An exceptionally busy Atlantic hurricane season was churning along Saturday morning as the Texas coast prepared for a tropical storm that's forecast to strengthen into a hurricane before breaching its shores in the week ahead.
Tropical Storm Beta was brewing in the Gulf of Mexico, 245 miles (470 kilometers) south of Lake Charles, Louisiana, the U.S. National Hurricane Center said in an advisory. The system was forecast to become a hurricane on Sunday and had already triggered a hurricane watch from Port Aransas, Texas, to High Island, Texas and a tropical storm watch from Port Aransas to Intracoastal City, Louisiana.
Also in effect were a storm surge watch from Port Mansfield, Texas to Cameron, Louisiana; and a tropical storm watch from south of Port Arkansas to the mouth of the Rio Grande, and east of High Island to Morgan City, Louisiana.
Beta had maximum sustained winds at 60 mph (95 kph) and was moving northwest at 3 mph (13 kph).
Forecasters were predicting up to 4 feet (1.2 meters) of storm surge along parts of the Texas coast that included Baffin Bay, Corpus Christi Bay, Galveston Bay and more. Wind, heavy rainfall and life-threatening surf and rip current conditions were also expected with the storm.
Forecasters ran out of traditional storm names on Friday, forcing the use of the Greek alphabet for only the second time since the 1950s.
Meanwhile, Hurricane Teddy remained a powerful hurricane Saturday, with maximum sustained winds at 120 mph. Teddy was centered 560 miles (1,045 kilometers) southeast of Bermuda less than a week after Hurricane Paulette made landfall in the wealthy British territory.
A tropical storm warning was in effect for Bermuda. Large swells from Teddy were forecast to impact the Lesser Antilles, the Greater Antilles, the Bahamas and Bermuda, and were expected to impact the U.S. East Coast.
Parts of the Alabama coast and Florida Panhandle were still reeling from the effects of Hurricane Sally, which roared ashore on Wednesday.
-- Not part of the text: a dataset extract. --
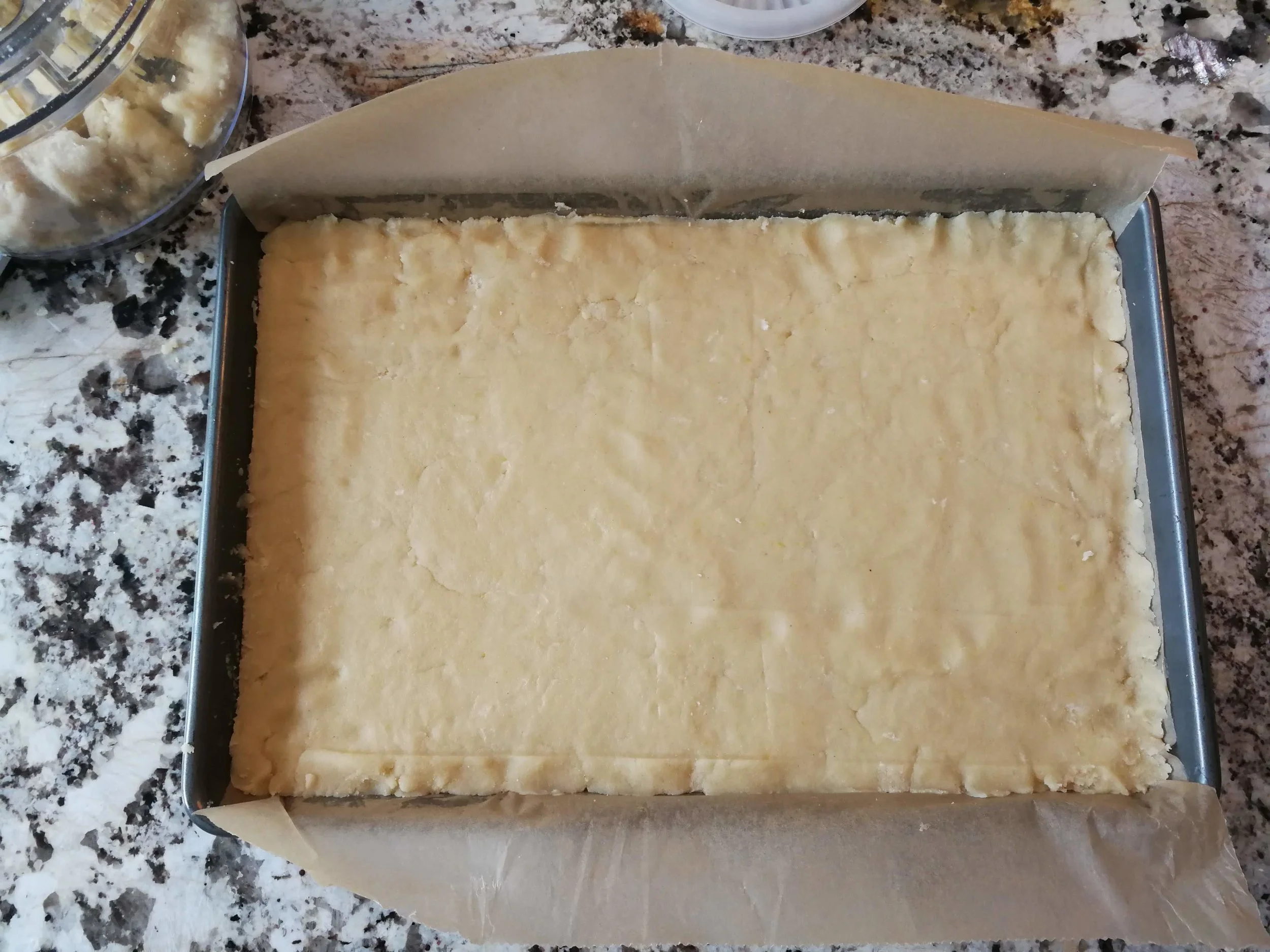 Press about 3/4 of dough firmly in bottom of baking tray using your hands or the back of a drinking glass to help create an even layer. Put tray in fridge so dough can chill. Mix the rest of the dough with the blanched sliced almonds and put in fridge as well.

At least two deaths were blamed on the system, and hundreds of thousands of people were still without power late Friday.
Alpha dissipated Friday night after bringing rain to Portugal. Tropical Storm Wilfred remained at sea but was not expected to impact land and weaken in the coming days.
Saturday, another system in the Atlantic was given a 50 percent chance of development in the next five days with forecasters saying it is no risk to South Florida at this time. A system that has not left the coast of Africa yet has a 10 percent chance of development.